• [TASK BRIEF]:
Take the listing below and output it exactly, with no images.

• [SOURCE MATERIAL]:

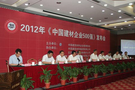 由中国建筑材料企业管理协会主办,中国建筑材料集团有限公司、北京金隅集团有限责任公司、北新集团建材股份有限公司协办的2012年中国建材企业500强发布会于8月30日在北京隆重举行。全国政协常委、国务院参事室参事蒋明麟;中国建材联合会秘书长、中国建材企业管理协会会长张东壮;原国家建材局副局长杨志元;中国建材工业规划研究院院长刘长发和建材企业管理协会副会长、建材500强部分企业代表和相关新闻媒体出席了2012年中国建材企业500强发布会。
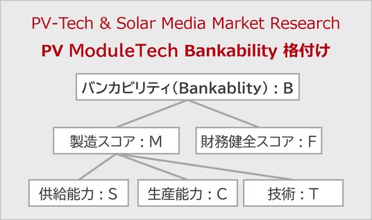 この格付けは、Solar Media社(2024年よりインフォーマ社の傘下)のPV Tech分析チームが、5年間の研究成果として開発し、2019年10月に誕生した、太陽電池モジュール(太陽光発電パネル)メーカーの総合的なバンカビリティ(Bankability)を判定する手法です。バンカビリティは、「製造スコア」と「財務健全スコア」の2つで構成されており、製造スコアはさらに「供給能力」「生産能力」「技術」の3つのスコアで成り立っています。この評価は、実際の太陽光発電所プロジェクトの実績情報に基づいて意思決定を行おうとする投資家や利害関係者が、重要視していると考えられています。
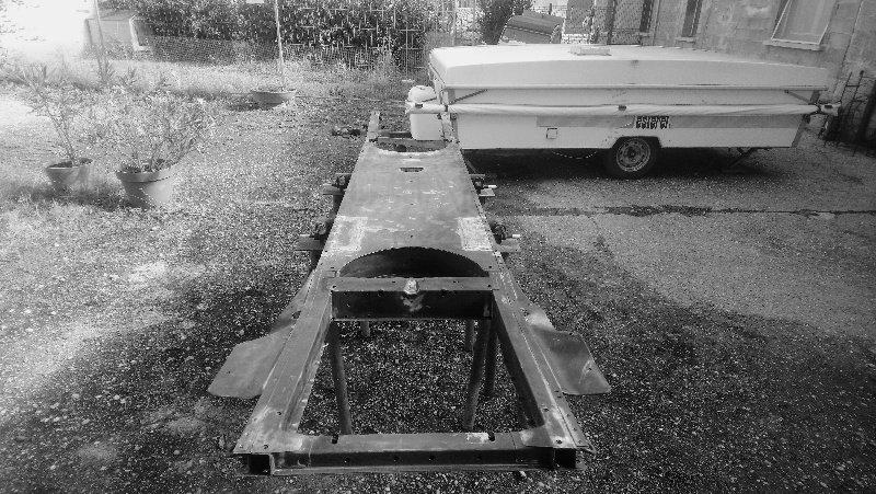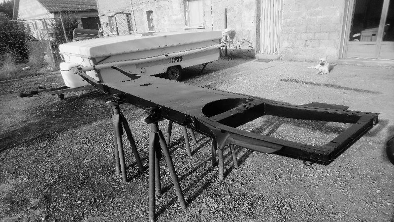 Puis on a posé la caisse sur tréteaux métalliques et ma foi il semblerait qu'elle soit déjà allégée de son Plancher Transversal !

• [EXERCISE RESULT]:
 由中国建筑材料企业管理协会主办,中国建筑材料集团有限公司、北京金隅集团有限责任公司、北新集团建材股份有限公司协办的2012年中国建材企业500强发布会于8月30日在北京隆重举行。全国政协常委、国务院参事室参事蒋明麟;中国建材联合会秘书长、中国建材企业管理协会会长张东壮;原国家建材局副局长杨志元;中国建材工业规划研究院院长刘长发和建材企业管理协会副会长、建材500强部分企业代表和相关新闻媒体出席了2012年中国建材企业500强发布会。
 この格付けは、Solar Media社(2024年よりインフォーマ社の傘下)のPV Tech分析チームが、5年間の研究成果として開発し、2019年10月に誕生した、太陽電池モジュール(太陽光発電パネル)メーカーの総合的なバンカビリティ(Bankability)を判定する手法です。バンカビリティは、「製造スコア」と「財務健全スコア」の2つで構成されており、製造スコアはさらに「供給能力」「生産能力」「技術」の3つのスコアで成り立っています。この評価は、実際の太陽光発電所プロジェクトの実績情報に基づいて意思決定を行おうとする投資家や利害関係者が、重要視していると考えられています。
 Puis on a posé la caisse sur tréteaux métalliques et ma foi il semblerait qu'elle soit déjà allégée de son Plancher Transversal !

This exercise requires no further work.